- The Washington Times - Sunday, March 27, 2022

The Biden administration‘s top diplomat in NATO on Sunday became the latest U.S. official to walk back the president’s unscripted declaration that Russian President Vladimir Putin “cannot remain in power” following his decision to invade neighboring Ukraine last month.

U.S. Permanent Representative to NATO Julianne Smith said that President Biden had a “principled human reaction” to meeting with Ukrainian refugees fleeing the brutal fighting, but reiterated Secretary of State Antony Blinken’s insistence that the president’s words did not amount to a call for regime change.

“Well, look, the president had spent the day visiting with Ukrainian refugees. He went to the national stadium in Warsaw and literally met with hundreds of Ukrainians. He heard their heroic stories as they were fleeing Ukraine in the wake of Russia’s brutal war in Ukraine,” Ms. Smith told CNN’s “State of the Union.”

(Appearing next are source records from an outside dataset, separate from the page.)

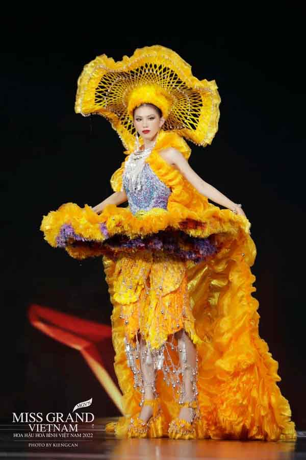 Mẫu thiết kế tiếp theo được lấy cảm hứng từ nghệ thuật múa rối nước, do thí sinh Thanh Trâm thể hiện. Trang phục có biểu tượng thủy đình – sân khấu đặc trưng của loại hình nghệ thuật này. Màu vàng ánh kim giúp bộ cánh xuất hiện nổi bật.
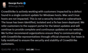 Ο διευθύνων σύμβουλος της Crowdstrike, George Kurtz, ανέφερε σε δήλωσή του:
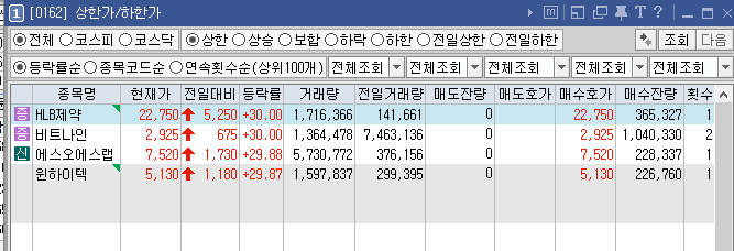 1. HLB제약(30%) : HLB, 간암신약 '리보세라닙', 美 FDA BIMO 실사 통과 소식에 상한가
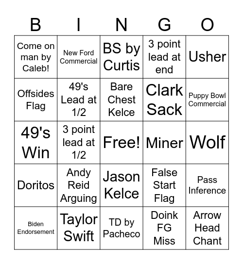 This bingo card has a free space and 41 words: Chiefs Win, 49's Win, Chiefs Lead at 1/2, 49's Lead at 1/2, Taylor Swift, Jason Kelce, Bare Chest Kelce, Clydesdale, Usher, Doritos, 3 point lead at 1/2, 3 point lead at end, Arrow Head Chant, Wolf, Miner, Andy Reid Arguing, Challenge Flag, Come on man by Caleb!, Pizza, BS by Curtis, Pass Inference, TD by Kelce, TD by Pacheco, Clark Sack, Purdy Injury, Bosa Tanturm, Doink FG Miss, SAFETY!, Puppy Bowl Commercial, Cody Not Playing, TURN IT OFF Kari, New Ford Commercial, Biden Endorsement, Wardrobe Malfunction, False Start Flag, Offsides Flag, Tripping Flag, TD Called Back, Pick Six, Interception and TK Proposal.
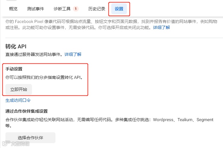 首先,选中设置标签,下拉找到转化 API,选择手动设置,点击立即开始按钮。
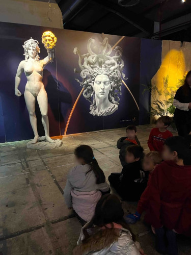 09 Δεκεμβρίου 2025Στο πλαίσιο του μαθήματος της ιστορίας οι μαθητές της Γ΄ και Δ΄ τάξης επισκέφθηκαν το διαδραστικό θεματικό πάρκο «Αρχαία Ελλάδα» στη ΔΕΘ και έκαναν ένα «ταξίδι» στο μακρινό παρελθόν. Από την αρχαία Αθήνα και τις Θερμοπύλες στην Σπάρτη βρέθηκαν στη Μακεδονία και την Τροία μαθαίνοντας τη σπουδαιότητα του αρχαίου ελληνικού πολιτισμού και της μυθολογίας. Στη συνέχεια, τα παιδιά θαύμασαν τα εντυπωσιακά αγάλματα θεών, μυθικών πλασμάτων και ηρώων της εποχής που «ζωντάνεψαν» μπροστά στα έκπληκτα μάτια τους. Με τη βοήθεια εφαρμογών ΑΙ είδαν αρχαίους φιλόσοφους να τους μιλούν για τη ζωή και τα επιτεύγματά τους.
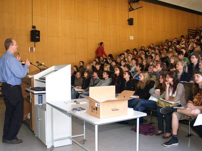 Nachdem die Gymnasiasten jeweils am Tag zuvor auf der Hannover Messe die Innovationen der Industriebranche besichtigt hatten, rundeten sie ihre Tour nach Norddeutschland bei herrlichem Wetter mit einem Besuch der Universität ab. „Wir zeigen Ihnen heute, wie Sie an die tollen Jobs kommen, die Sie gestern auf der Hannover Messe gesehen haben“, begrüßte Jochen Brinkmann, Leiter der Kontaktstelle Schule-Universität, die Jugendlichen im Audimax. Der größte Hörsaal der TU Clausthal war derart gefüllt, dass die Schüler sogar auf den Treppen sitzen mussten.
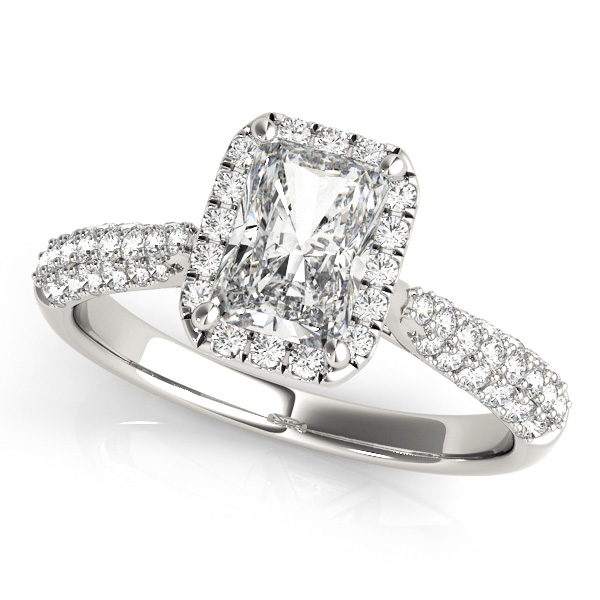 14k White Gold Engagement Ring with 1 – 10×8 Emerald & 8 – .004PT Round & 16 – .005PT Round & 38 – .0075PT Round Stones, equal to 2 3/8 carats total weight. This ring has an optional matching Wedding Band. Can be customized to fit any stone and in any material. Please contact Ronelli Corp for custom orders and modification information, as pricing may vary.
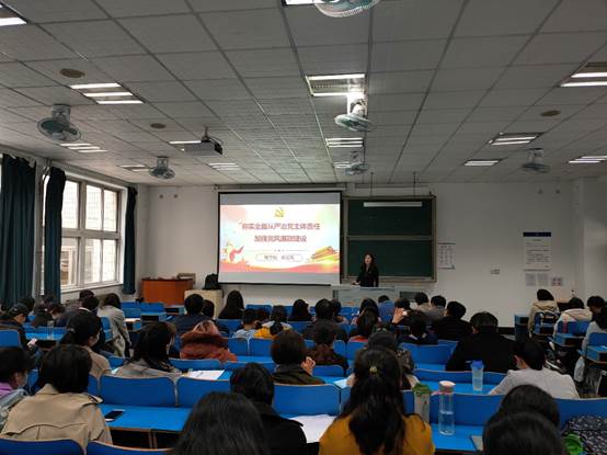 谈廷风从“全面推进从严治党”、“加强纪律建设的六个着力点”、“加强党对反腐败工作的集中统一领导”、“廉洁从政砥砺前行”四个方面进行了阐述。她强调,要通过明确分工、标本兼治来夯实、推进全面从严治党,加强党对反腐败工作的集中统一领导。纪律建设永远在路上。党员干部要坚定信念、遵纪守法、廉洁自律,廉洁从业,拒绝贪污腐败,永葆政治本色。“勿以恶小而为之”,要从小事做起,从细微处注意,自觉加强自我警示,做到警钟常鸣,提高“思廉、践廉”的自觉性。
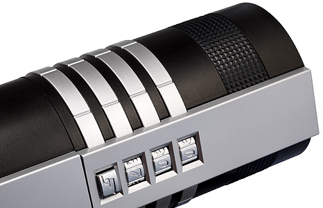 flaskan i en förpackning som påminner om en ljuddämpare till en pistol,
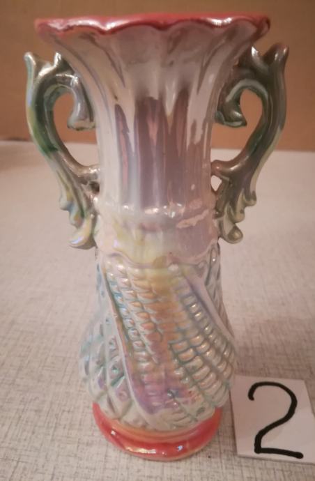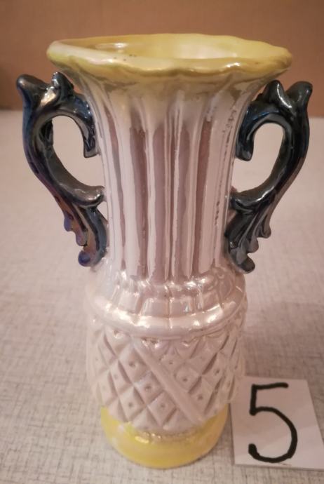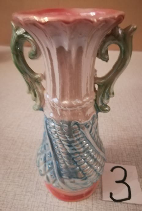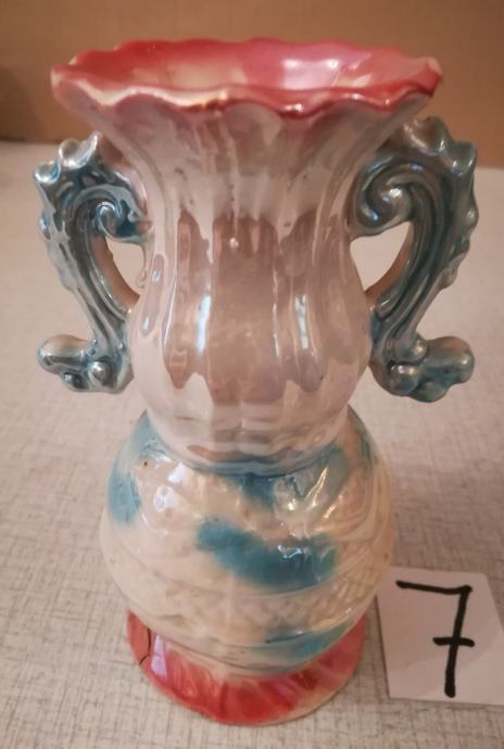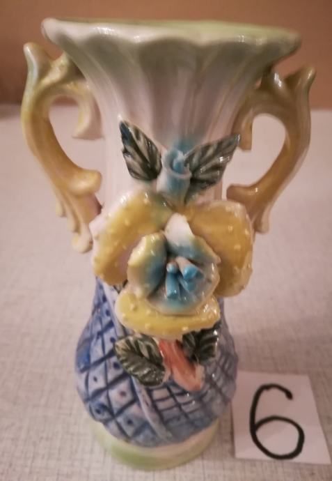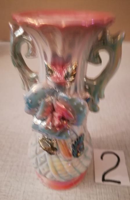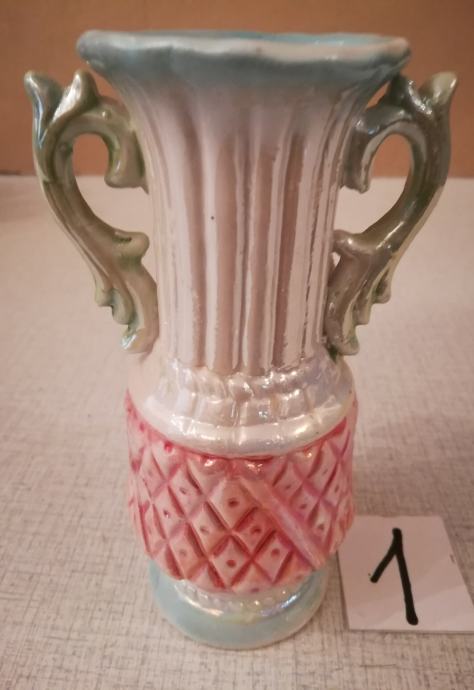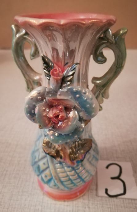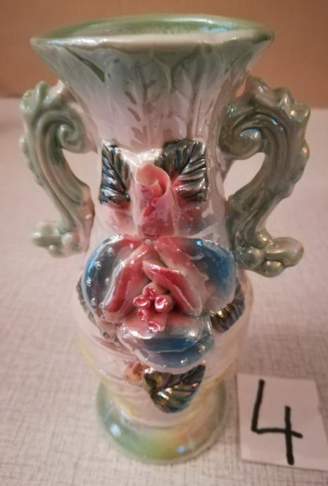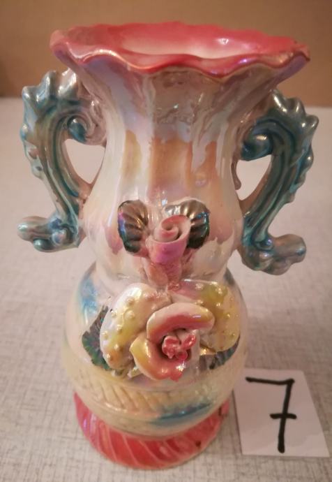 1,2,3,4,5,6,7 vaze iz porcelana z dvema ročajema in vrtnico na sredini vaze. Vaze so različne in se razlikujejo po poslikavi z različnimi odtenki barv. Mere vaz : višina 14 cm in širina 6 cm. Cena 5€/kom.

“In the moment, I think that was a principled human reaction to the stories that he had heard that day, but no, … the U.S. does not have a policy of regime change in Russia,” she said. “Full stop.”

Mr. Biden touched off a global uproar at the end of his four-day European trip with his Saturday speech in Warsaw, Poland.

“For God’s sake, this man cannot remain in power,” Mr. Biden said at the conclusion of his remarks.

The line became the focus of what was otherwise praised as a strong, sweeping speech in support of Ukraine as it fights the Russian military invasion. The Kremlin quickly criticized Mr. Biden’s remark Saturday evening, and even some European leaders expressed doubt about the wisdom of pushing Mr. Putin into a corner as diplomats try to negotiate a cease-fire.

Asked by CNN anchor Dana Bash if that means the White House believes the Russian president should remain in power, Ms. Smith stuck to her message.

“I think what it means is that we are not pursuing a policy of regime change, but I think the full administration, the president included, believes that we cannot empower Putin right now to wage war in Ukraine or pursue these acts of aggression,” Ms. Smith said.

She added that the president’s trip “has been remarkable, it’s been historic.”

“I thought the speech was completely pitch perfect, and I think this will set us on a good course for continuing to support the allies, support Ukrainians, and apply pressure on Russia to get them to stop this war,” she said.